Match customer information across multiple data sources
The Big Picture
One of the largest providers of credit information and information management services in the world wanted to develop an algorithm to appropriately link names and addresses across multiple datasets. The company was looking to achieve measurable performance improvements by refining match accuracy and reducing misclassification rates.
The company already had a basic framework for matching customers by their names and addresses from different data sources, but were striving to improve the current process. The company wanted an improved framework to work with unstructured address data so that it could provide a single view of customers across different data sources.
Transformative Solution
It was determined that dCrypt’s Fuzzy Matching module would provide the solution. It combines several different fuzzy matching techniques such as Levenshtein Distance and token-based distance measures, and applies heuristics to give an overall match score, resulting in higher accuracy and recall. The system offered the following:
- Cleaning and normalizing the data to work within a standardized form.
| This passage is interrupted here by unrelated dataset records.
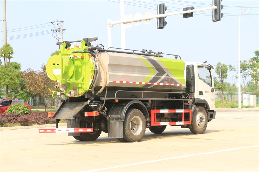 上裝配置:上裝配置:水罐4 立方,污罐 8立方;清洗 部份采用天津通潔,壓力 24Mpa,流量 215L/min,配80米直徑22高壓管帶液壓卷盤; 吸污部份采用山東 SK-15 水循環泵(億豐 10T 雙聯想真空泵),吸污罐帶舉升,后蓋液壓開 啟,帶一個 600mm 快開,罐體后尾部一個 DN150 排污口球閥,一個 DN100 進污口球閥,一個視 污窗,一根 10m 吸污管,一套陰陽端,壓力 表,防溢閥,箭頭燈,淋管裝置,高壓泵帶氣 吹水。配一個 4.5 公斤水雷噴頭,另帶一個 80 公分手持洗車噴頭。
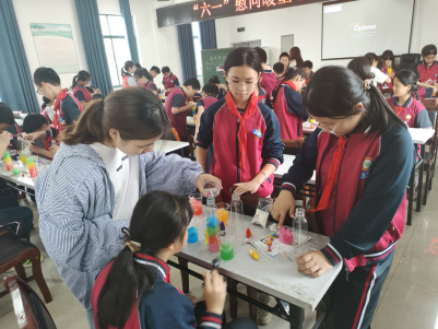 在此次活动中,吃瓜网 志愿者为樟台学校五年级的学生带来了一堂别开生面的《“消失”的水——人造雪》课程。课程以“消失的水”的魔术开场——透明水杯中的水倒入另一个容器后竟“凭空消失”,引得孩子们惊叹连连。随后,大家手持杯子、吸水树脂和色素,化身“小小科学家”,在志愿者的耐心指导下亲手制作多层渐变的“彩虹瓶”,让科学思维在指尖悄然萌芽。当孩子们捧着自己制作的水凝胶瓶画时,眼中闪烁的不仅是对作品的自豪,更是对科学探索的热爱。这堂充满趣味的科学课,让学生在“玩转科学”的沉浸式体验中,真正成为知识的探索者与创造者。
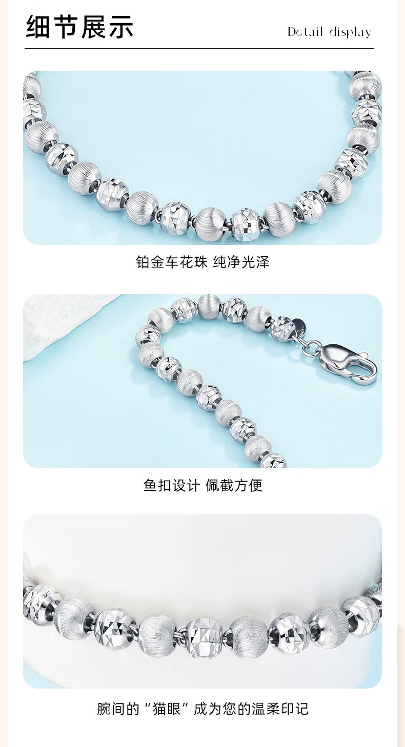 GsunG platinum PT950 cat eye bracelet fashion car flower bead ladies cat eye bead bracelet pure platinum ball bead chain bracelet price by gram, contact customer service before bidding
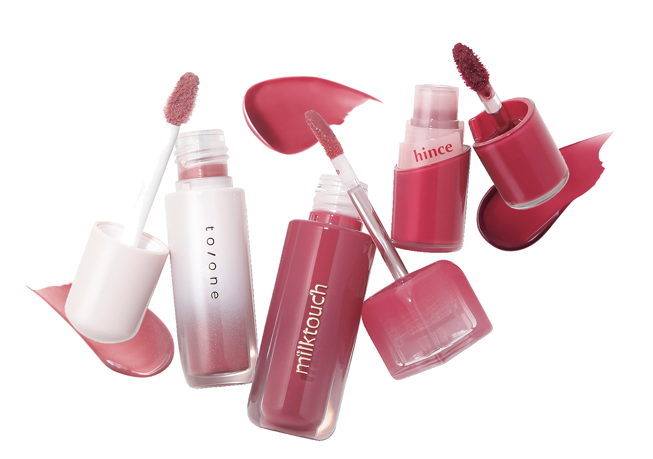 【右・モデル使用色】鏡なしでも塗りやすく、色とツヤが持続。持ち運びしやすいミニサイズもうれしい。hince ロウグロウジェルティントミニ R020 ¥990
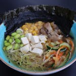 Japońskie danie na bulionie z makaronem pszennym, tofu oraz grzybami.
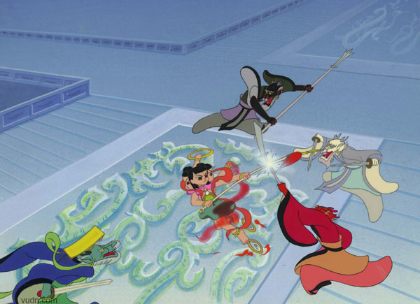 取自于明代神魔小说《封神演义》中的神话故事。因其主角人物——哪吒的天真烂漫与不畏强权精神,备受人们喜爱。故事中因妖龙作祟,残害百姓,引出哪吒大闹龙宫水府。由于此篇故事脍炙人口,几经改编造就了一批动画影视作品。其中上海美术电影制片厂,在上世纪七十年代末创作的《哪吒闹海》,被誉为“色彩鲜艳、风格雅致、想像丰富”的作品,深受国内外好评。至今仍被奉为经典。
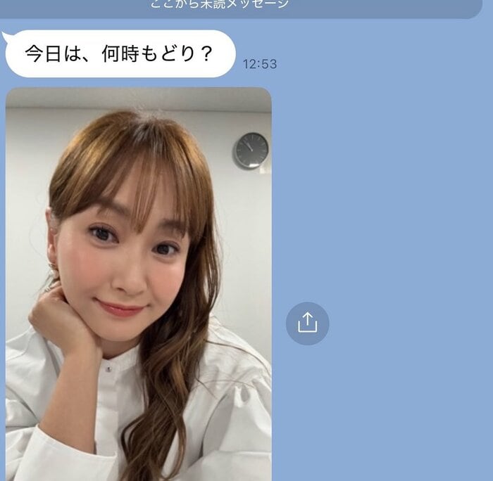 そのトークをスクショした画像を見てみると、ある日のLINEでは、藤本さんから「今日は、何時もどり?」と帰宅時間を確認するメッセージとともに、ニコッとほほ笑んだ藤本さんのキュートな自撮り写真が添えられているのが分かります!
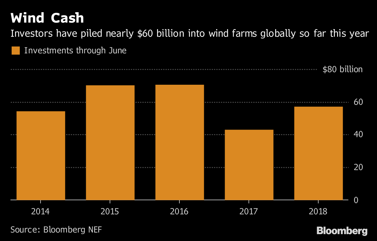 從地區(qū)來(lái)看,上半年,美國(guó)風(fēng)電投資飆升至175億美元,比2017年上半年翻了一倍多。這是因?yàn)殚_(kāi)發(fā)商正在努力爭(zhēng)取在2019年之后計(jì)劃結(jié)束的聯(lián)邦稅收抵免之前完成投資。
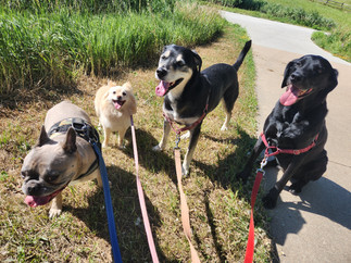 Eben G. Fine Park was full of people this afternoon. Carl was okay with skipping the usual sniff treatment of one of the trees that Zoey taught him to stop at, because there were too many people by it. When we got to the water, Lumi was the only one interested in getting a full soak in the creek. Alfie and Carl got their paws wet, and Ruffers preferred to stay fully dry. Carl wet his belly during our next water stop, while the others maintained their routines. The pack was in sync and well-mannered throughout the walk, eliciting comments from several passers-by that they were impressed.
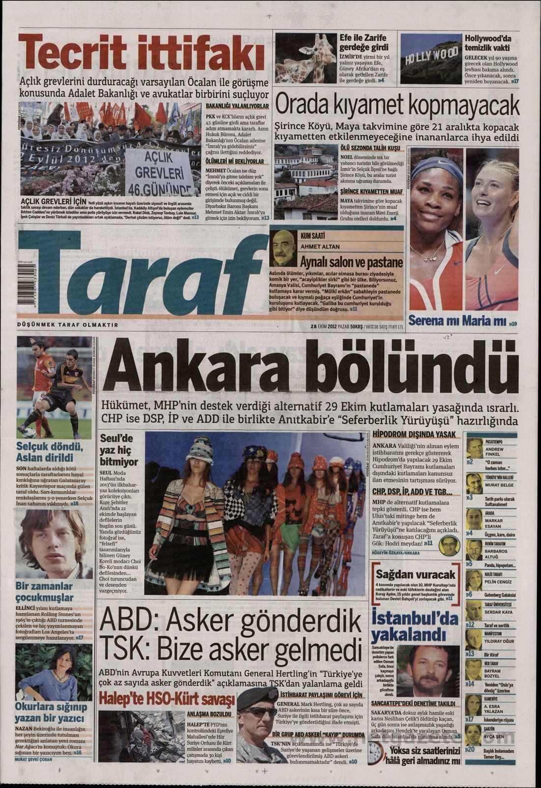 «Η Άγκυρα διχοτομήθηκε» είναι ο τίτλος της Taraf. H τουρκική εφημερίδα αναφέρει πως στην αυριανή εθνική γιορτή η αντιπολίτευση θέλει να πραγματοποιήσει συλλαλητήριο ενώ η κυβέρνηση έχει απαγορεύσει τα συλλαλητήρια τη συγκεκριμένη ημέρα.
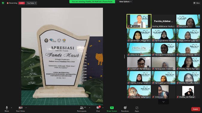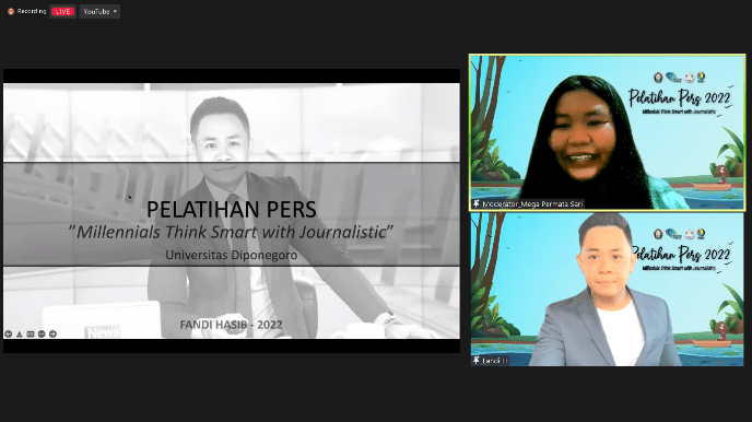 Pelatihan Pers 2022 yang diselenggarakan oleh Biro Lemma Himpunan Mahasiswa Matematika Universitas Diponegoro kembali dilaksanakan pada hari Minggu, 15 Mei 2022 secara daring melalui via Zoom dan disiarkan langsung via Youtube dengan mengangkat tema “Generation Millennials Think Smart with Journalistic”. Diharapkan generasi milenial dapat berperan dalam menghimpun berita dengan berdasarkan fakta, serta bertanggung jawab atas informasi yang disampaikan. Ada pun generasi milenial dapat mengaplikasikan bagaimana cara bersikap, berkomentar, dan menanggapi suatu berita yang diterima guna meminimalisir timbulnya berita hoax.
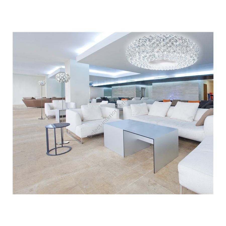 Lightweight ceiling light in multifaceted and very bright clear acrylic. Available in different sizes.

- Segregating the addresses into logical components such as house number, post code, etc.
- Using the post code as a reference so the request address can be searched within the data of the same post code.
- Matching the addresses by the top 100. The corresponding customer names are also matched and the best outputs are generated based on the overall score.
The Change
Using dCrypt’s Fuzzy Matching module for higher accuracy enabled the company to track almost 80 million more candidates for credit rating agencies, which were not captured by the existing system. The overall accuracy of matching improved by 7 percentage points, from 74.2% to 81.2%.